Some tasks really can’t be done Agile

Sunday morning here, and I am working on my backlog in preparation for iteration planning tomorrow.

One of the major tasks is that a recent architecture change (that was SUPER for performance) heinously breaks our old model of licensing.  By old, I mean from the early 1990’s.  Way before we had cool stuff like the Internet, and ubiquitous access.  We had bandaged this process along until now.  However, this new change turned it on its head.

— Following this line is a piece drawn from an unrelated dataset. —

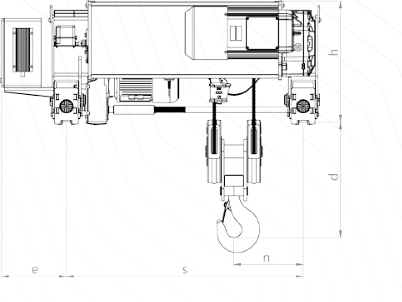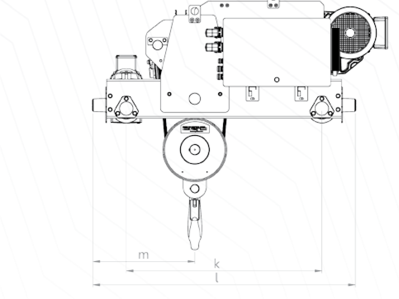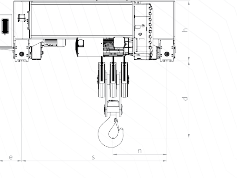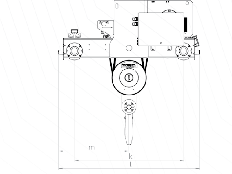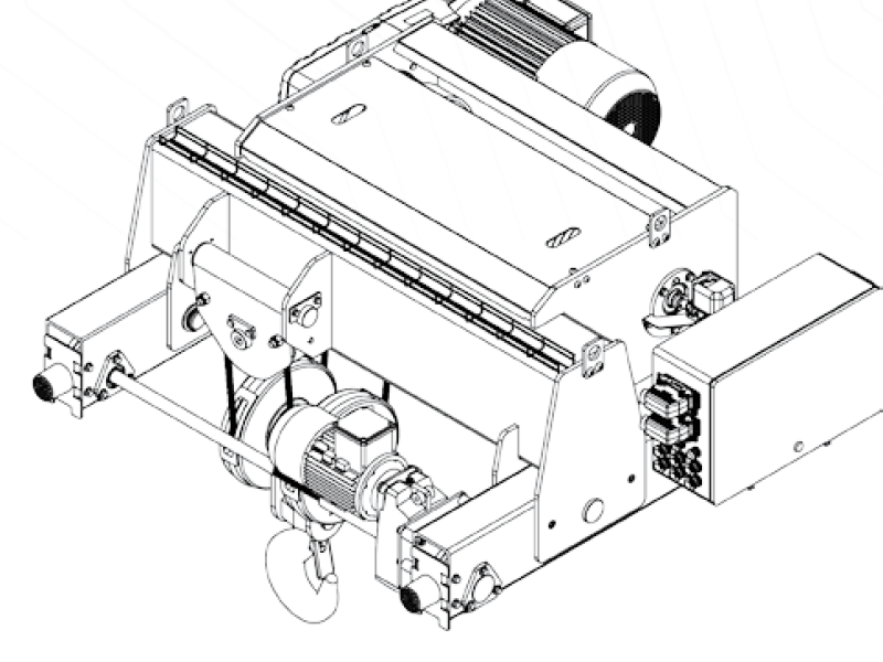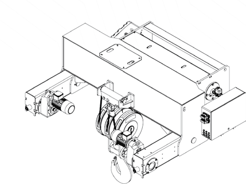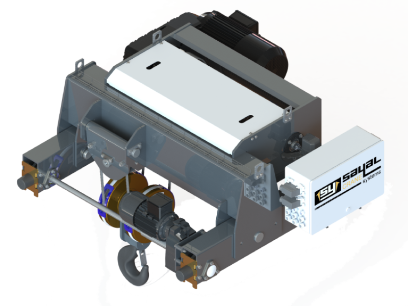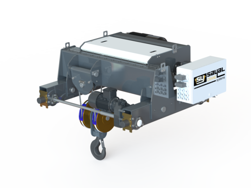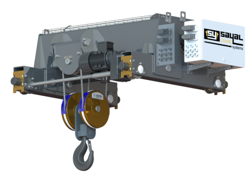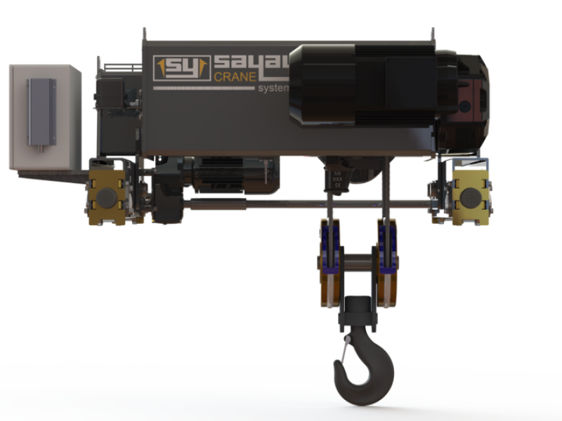 The system is specially designed for long-term operation with a plastic rope guide that minimizes the risk of injury to personnel in case of rope guide part breakage. It features trolley wheels made from EN-GJS-700 quality cast material and articulated body-trolley connections. Additionally, it is equipped with dual-stage limit switches for precise control of crane movements. The control unit, with a 24VDC emergency stop button, includes short circuit protection, phase protection relay, thermal magnetic protection against overcurrent, and motor overheating, enhancing safety. Optional load indicators and hooks with finger protection, compliant with DIN standards, ensure safety and ease of use

We could create a limiting mechanism to replace it with identical functinality (keeping the licensing tied to the server, and emanating from said server), or we could rip this wide open.  Create a special licensing service (either running on the main server, or on its own instance).  This is attractive for many reasons.  As time goes on, the concept of a single server, and a set of components that communicate with it is becoming quaint.  Fast WAN’s, intranets, geographically diverse deployments are becoming standard.  People expect to drop components where their business needs sit.

Cool.  But even the most foundational sub component of this is way too large for a single developer in a single 3 week sprint to accomplish.  And there isn’t really a way for me, as a product owner, to break it down at a high level.  This is going to take our architect probably 6-8 weeks to get built, and with the minimal functional feature set done.

I think we will make this work, but it will make for interesting planning poker tomorrow.